• [Exercise] Starting with the line that has "Sapporo (3N) - Furano" and finishing with the line that has "55 in. Small", set down each line below exactly. Pictures are not copied.

• [Records from a collection]
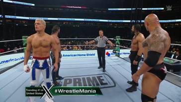 Finalmente, después de insultos y abusos de parte de The Rock, Cody Rhodes pudo enfrentarse a Dawye Johnson, y trabajando en conjunto con Rollinns, mantuvieron raya a sus dos rivales.
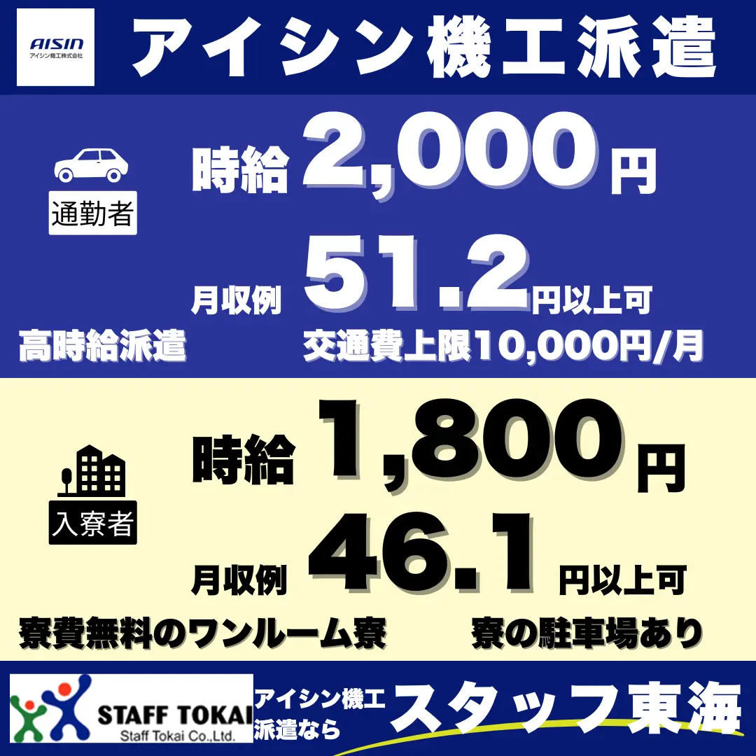 【入社祝い金100万】愛知県に工場が点在しているアイシン。トヨタ系のトランスミッションを多く生産。入社祝い金は半年で全額回収可能。時給も1,500円と高い。最初の半年だけであれば最も稼げる期間工。寮もワンルームなので相部屋が苦手な方におすすめ。
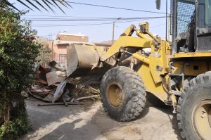 هذا وبعد معاينة جريدة الحدث الآن من عين المكان، فإن هذه الحملة قد أشرف عليها قائد الملحقة الإدارية أزلي مرفوقا برئيس الدائرة الأمنية 23 ايزكي وكذا رجال القوات المساعدة، و الانعاش الوطني، مستعينين بجرافات وشاحنات أزيلت بواسطتها مجموعة من الحدائق المنزلية المسيجة بالحديد والقصب والقصدير يفوق عددها أربعين حديقة.
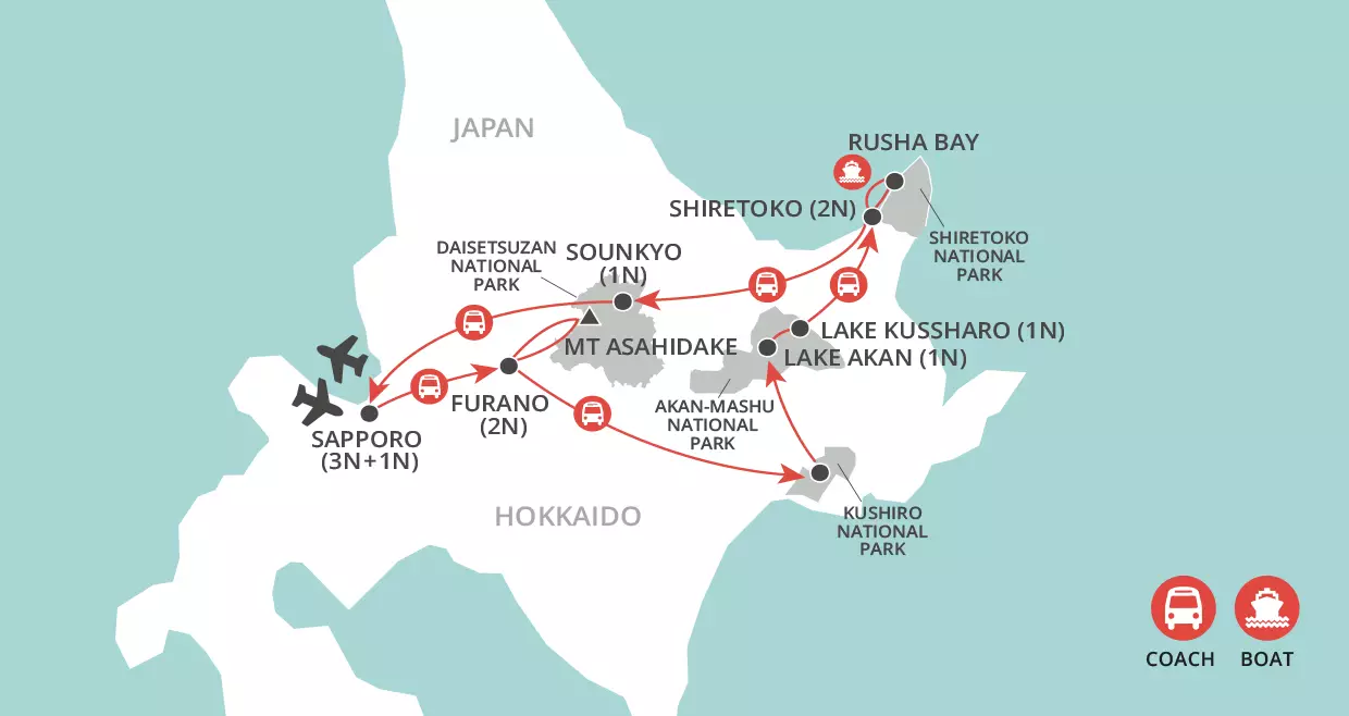 Sapporo (3N) - Furano (2N) - Lake Akan (1N) - Lake Kussharo (1N) - Shiretoko (2N) - Sounkyo (1N) - Sapporo (1N)
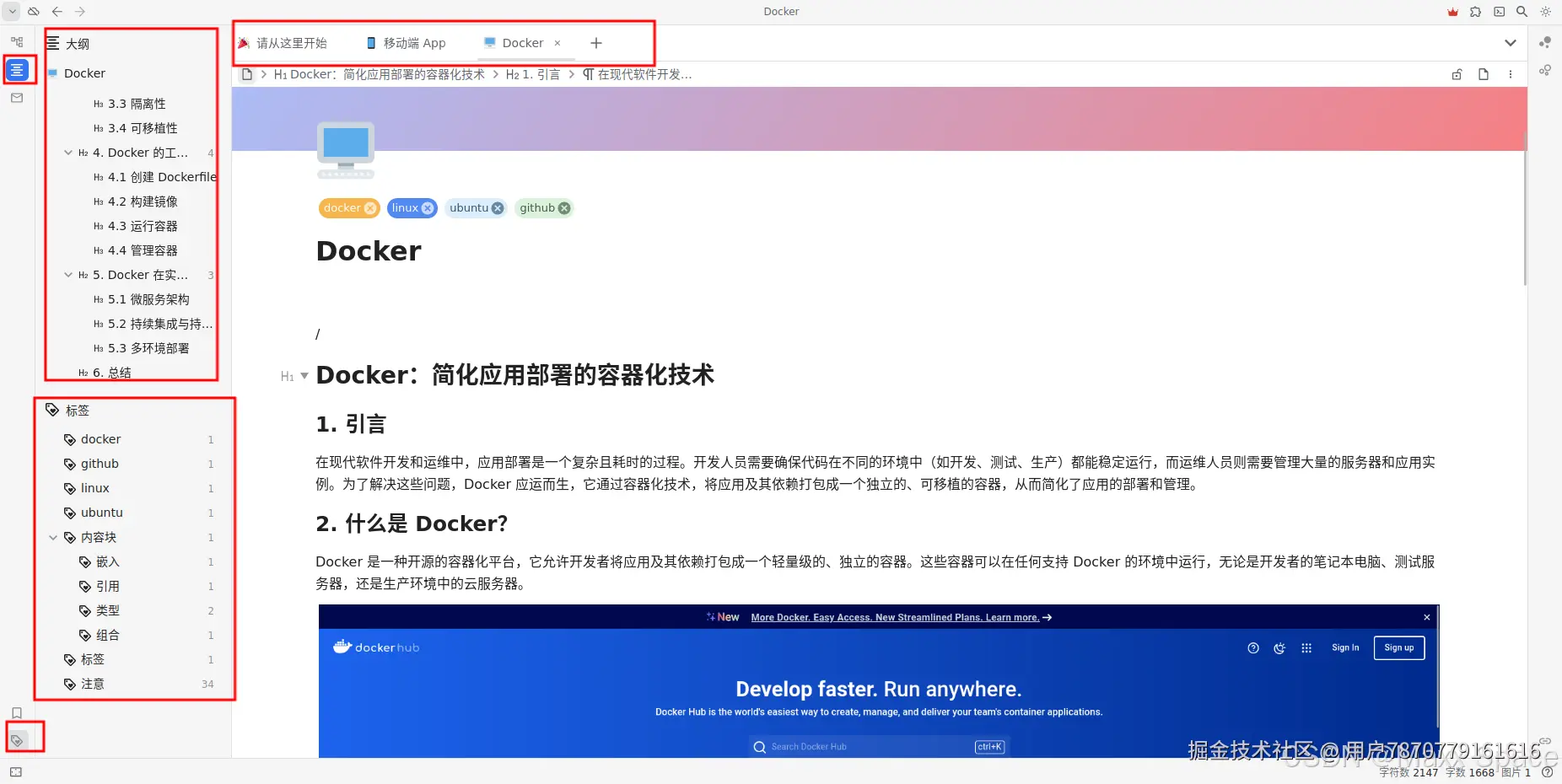 大纲列表展示目录,书签显示已经添加的书签记录,标签显示添加的标签及其关联笔记
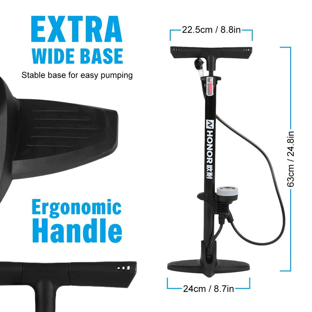 Этот напольный насос для велосипеда имеет двойной дизайн клапана, чтобы легко переключаться между клапанами presta и schrader. Он оснащен точным манометром, эргономичной ручкой и нескользящей педалью, чтобы облегчить надувание. Это отличный инструмент для велосипедиста.
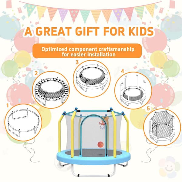 55 in. Small Toddler Trampoline with Basketball Hoop for Kids
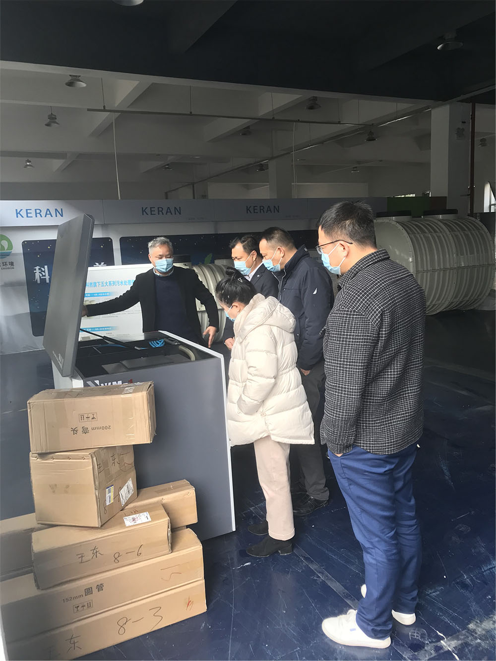 董事長黃利林與區里領導對如何更好開展農村生活污水設施建設及運維工作進行了深入探討。 董事長黃利林向領導小組一行人參觀公司的污水處理設備并介紹了生物轉盤設備,生物濾塔工藝設備,MBR膜工藝設備等對整個工藝流程進行了簡單明確的講解。
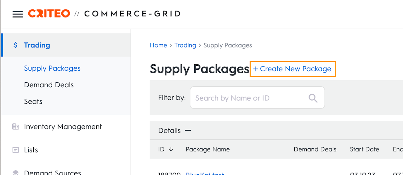 To get started with Deal Sync, navigate to the Trading tab, and select Supply Packages.
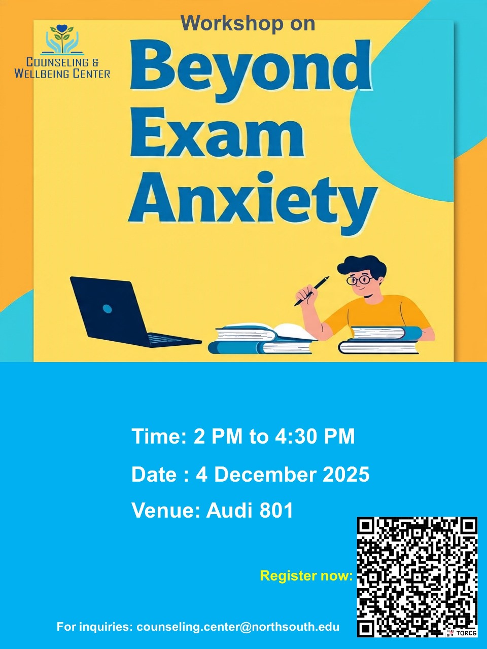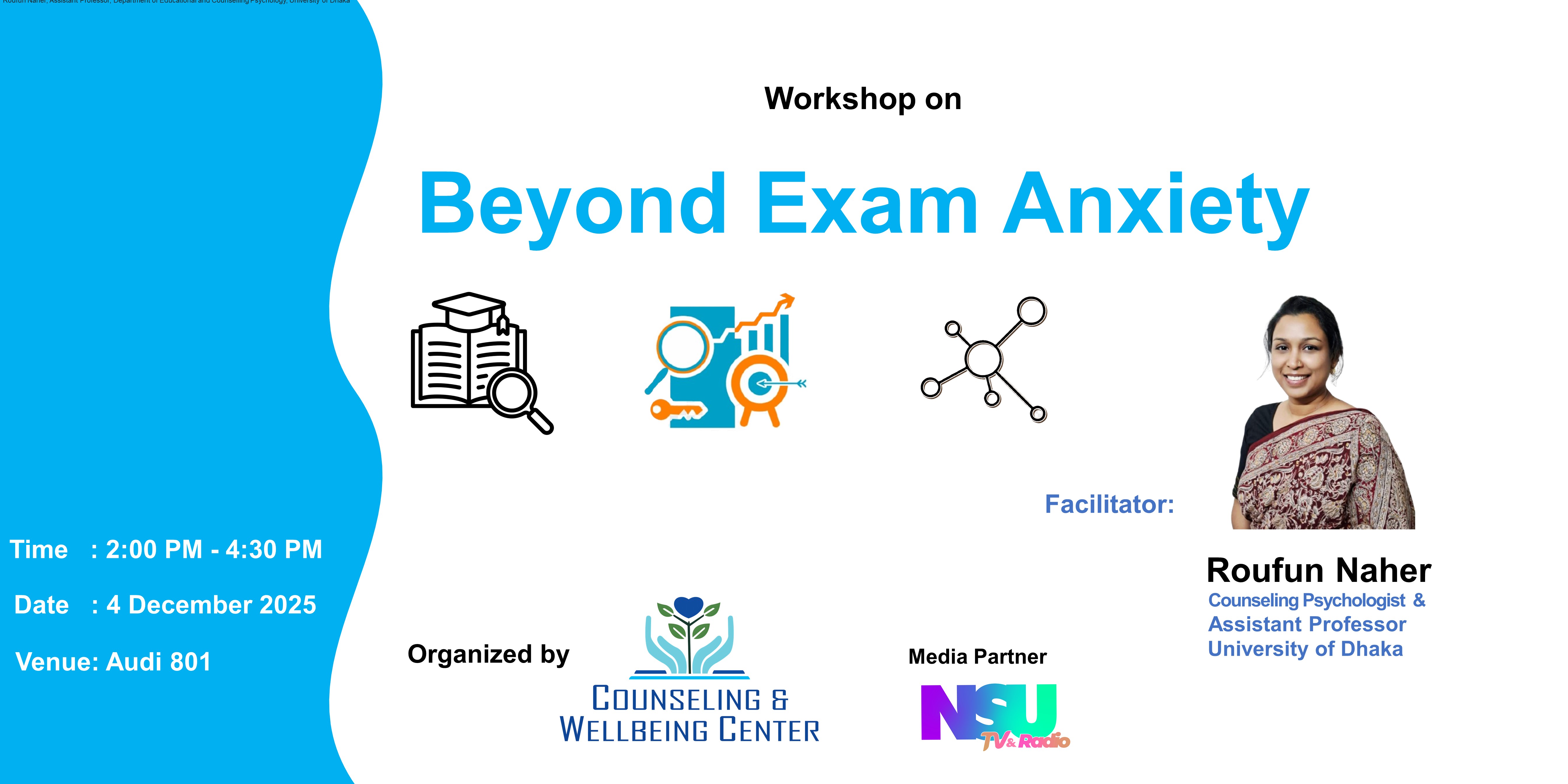 The Counseling & Wellbeing Center(CWC) has organized a workshop titled "Beyond Exam Anxiety" for the NSU student community.

• [Solution below]
 Sapporo (3N) - Furano (2N) - Lake Akan (1N) - Lake Kussharo (1N) - Shiretoko (2N) - Sounkyo (1N) - Sapporo (1N)
 大纲列表展示目录,书签显示已经添加的书签记录,标签显示添加的标签及其关联笔记
 Этот напольный насос для велосипеда имеет двойной дизайн клапана, чтобы легко переключаться между клапанами presta и schrader. Он оснащен точным манометром, эргономичной ручкой и нескользящей педалью, чтобы облегчить надувание. Это отличный инструмент для велосипедиста.
 55 in. Small Toddler Trampoline with Basketball Hoop for Kids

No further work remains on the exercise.